Gebäudeschmuck und Architektur in Göteborg

In nur wenigen Städten wurde während der letzten zwei Jahrhunderte soviel Wert auf Gemäudeschmuck gelegt wie in Göteborg. Zum einen mag es sicher daran liegen, dass sehr viele Architekten Göteborgs gleichzeitig eine künstlerische Ausbildung hatten, zum anderen liegt es sicher auch daran, dass einige erste Beispiele an Gebäudeschmuck andere Architekten und Bauherren dazu anregten ihren Gebäuden ebenfalls eine Persönlichkeit zu geben.


Auch wenn der Gebäudeschmuck in der Regel aus Granit oder Marmor gefertigt wurde, so findet man dennoch auch andere Materialien, vor allem aber eine sehr unterschiedliche Ausdrucksweise der einzelnen Künstler. Bisweilen bleibt dem heutigen Betrachter auch der Ursprung eines Werkes unklar, wie die beiden Figuren, die an Romulus und Remus erinnern, die an der Avenyn 13 dabei sind Rom aufzubauen. Möglicherweise war dies auch das Symbol des Architekten.

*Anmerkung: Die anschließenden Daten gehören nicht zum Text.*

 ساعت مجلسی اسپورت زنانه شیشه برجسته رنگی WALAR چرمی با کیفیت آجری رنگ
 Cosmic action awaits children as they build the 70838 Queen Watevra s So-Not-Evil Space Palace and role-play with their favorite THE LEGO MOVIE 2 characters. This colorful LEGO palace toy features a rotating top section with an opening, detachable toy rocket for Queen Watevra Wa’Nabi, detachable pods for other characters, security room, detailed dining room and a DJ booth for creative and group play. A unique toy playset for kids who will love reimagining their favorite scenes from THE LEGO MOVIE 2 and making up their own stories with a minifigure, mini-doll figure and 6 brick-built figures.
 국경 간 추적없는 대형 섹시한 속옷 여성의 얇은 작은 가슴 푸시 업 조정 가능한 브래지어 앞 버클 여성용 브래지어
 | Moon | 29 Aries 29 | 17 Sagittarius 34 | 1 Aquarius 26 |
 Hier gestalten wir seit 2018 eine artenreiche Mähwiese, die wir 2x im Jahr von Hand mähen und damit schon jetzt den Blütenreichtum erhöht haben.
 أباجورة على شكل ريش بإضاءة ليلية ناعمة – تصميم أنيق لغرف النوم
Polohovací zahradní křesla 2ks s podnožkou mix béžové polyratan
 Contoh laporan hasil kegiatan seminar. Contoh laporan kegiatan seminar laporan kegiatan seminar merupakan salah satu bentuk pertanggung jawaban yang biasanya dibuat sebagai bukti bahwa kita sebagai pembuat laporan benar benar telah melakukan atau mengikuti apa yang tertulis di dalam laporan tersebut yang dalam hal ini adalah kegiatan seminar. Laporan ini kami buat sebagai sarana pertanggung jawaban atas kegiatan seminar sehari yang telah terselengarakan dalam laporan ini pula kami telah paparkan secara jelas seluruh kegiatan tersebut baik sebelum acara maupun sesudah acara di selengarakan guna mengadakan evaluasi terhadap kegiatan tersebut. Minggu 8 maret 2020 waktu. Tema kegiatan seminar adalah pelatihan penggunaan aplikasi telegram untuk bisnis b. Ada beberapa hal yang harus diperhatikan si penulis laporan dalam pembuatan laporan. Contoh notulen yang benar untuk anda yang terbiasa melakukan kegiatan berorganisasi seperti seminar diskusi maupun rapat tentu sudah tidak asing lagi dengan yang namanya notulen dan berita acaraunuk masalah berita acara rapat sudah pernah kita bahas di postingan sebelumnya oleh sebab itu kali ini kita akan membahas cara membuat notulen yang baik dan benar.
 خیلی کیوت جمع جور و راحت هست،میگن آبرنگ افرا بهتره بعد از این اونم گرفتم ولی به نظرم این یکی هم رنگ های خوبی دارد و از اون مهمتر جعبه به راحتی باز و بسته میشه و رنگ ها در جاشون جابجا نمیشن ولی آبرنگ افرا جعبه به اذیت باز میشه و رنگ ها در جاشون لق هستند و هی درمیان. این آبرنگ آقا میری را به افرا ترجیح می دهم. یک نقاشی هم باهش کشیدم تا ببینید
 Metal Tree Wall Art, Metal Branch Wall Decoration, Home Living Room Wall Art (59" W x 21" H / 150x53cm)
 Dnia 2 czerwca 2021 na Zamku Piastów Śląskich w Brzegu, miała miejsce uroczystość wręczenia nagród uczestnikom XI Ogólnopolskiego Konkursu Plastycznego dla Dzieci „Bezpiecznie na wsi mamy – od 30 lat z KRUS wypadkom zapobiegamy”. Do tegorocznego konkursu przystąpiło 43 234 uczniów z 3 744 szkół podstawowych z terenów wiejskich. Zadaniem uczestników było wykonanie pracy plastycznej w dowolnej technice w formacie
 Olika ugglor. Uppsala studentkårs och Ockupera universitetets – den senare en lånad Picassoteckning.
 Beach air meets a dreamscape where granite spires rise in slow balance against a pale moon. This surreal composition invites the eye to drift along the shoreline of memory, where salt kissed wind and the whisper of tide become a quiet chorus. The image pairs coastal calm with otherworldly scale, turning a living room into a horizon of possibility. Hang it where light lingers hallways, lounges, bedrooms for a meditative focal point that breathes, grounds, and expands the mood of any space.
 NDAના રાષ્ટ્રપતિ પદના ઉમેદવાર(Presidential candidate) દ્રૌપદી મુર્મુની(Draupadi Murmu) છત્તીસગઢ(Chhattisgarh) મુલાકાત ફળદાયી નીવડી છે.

Weitaus deutlicher sind dabei Symbole die sich am Gebäude der Södra Hamngatan 23 in Göteborg befinden, da das Gebäude ursprünglich für die Köpmansbank errichtet wurde. Die Darstellung Amerikas, Asiens und Afrikas zeigen die weitreichende Verknüpfung im Handel und des Bankenwesens, zumal die Kunden der Göteborger Banken zu jener Zeit vor allem Reedereien und Kaufleute waren, die internationalen Handel betrieben und förderten.


Ähnliches gilt auch für den Gebäudeschmuck der ehemaligen Transatlantics Reederei am Packhusplatsen, denn die Darstellung von Poseidon, der ein Schiff ruhig über die Meere trägt, ist wie geschaffen um die Arbeit einer Reederei auszudrücken, zumal Poseidon auch als Symbol Göteborgs gilt. Da Poseidon hier erst angebracht wurde nachdem das Haus bereits stand kann man hier davon ausgehen, dass die Reederei selbst den Künstler beauftragte und der Architekt nur die vier Figuren über dem Haupteingang direkt in Auftrag gab.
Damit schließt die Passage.